The characters are what stand out the most about this book. They are Dickens-like in that Heller took quirks and blew them up to create entire characters, making them more caricatures than realistic; yet somehow we buy it as being true to the world they exist in. Plus, this is the military and we are given to understand that everyone is a bit crazy. Character example: Colonel Cathcart, whose main attribute is his ambition without self-confidence. He is constantly concerned with whether an idea or event is a "feather in his cap" or a "black eye." Those phrases are used over and over again.

Early on, I could tell this book would have a unique ending. It couldn't be totally happy, because that wouldn't fit the tone of the book, but it couldn't be serious either, for the same reason. It would be a bizarre ending that somehow made sense.
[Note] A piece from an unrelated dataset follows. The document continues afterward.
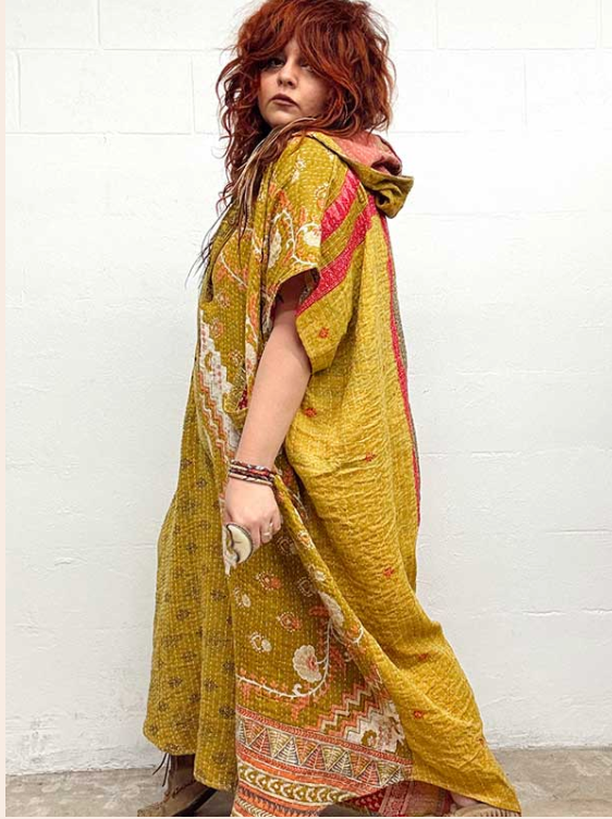 Disclosure: Our vintage styles have lived a full life before becoming the designs in our shop. Fabrics may have small threads or holes in the layers. Color inconsistency or small stains may be present. The saris are sewn together and extend the life of each design. Imperfections should be celebrated

I wasn't disappointed, and that's all I'll say on that, because I really do recommend this as a commuter book (but perhaps not with kids in the car, because R&R means a lot of time with prostitutes).

As I said, though, I don't know if I would recommend this for reading. It would probably try your patience and you'd have to read it in short periods instead of sitting down for a good couple hours to read. The style is disjointed and the plot itself isn't clear until near the end.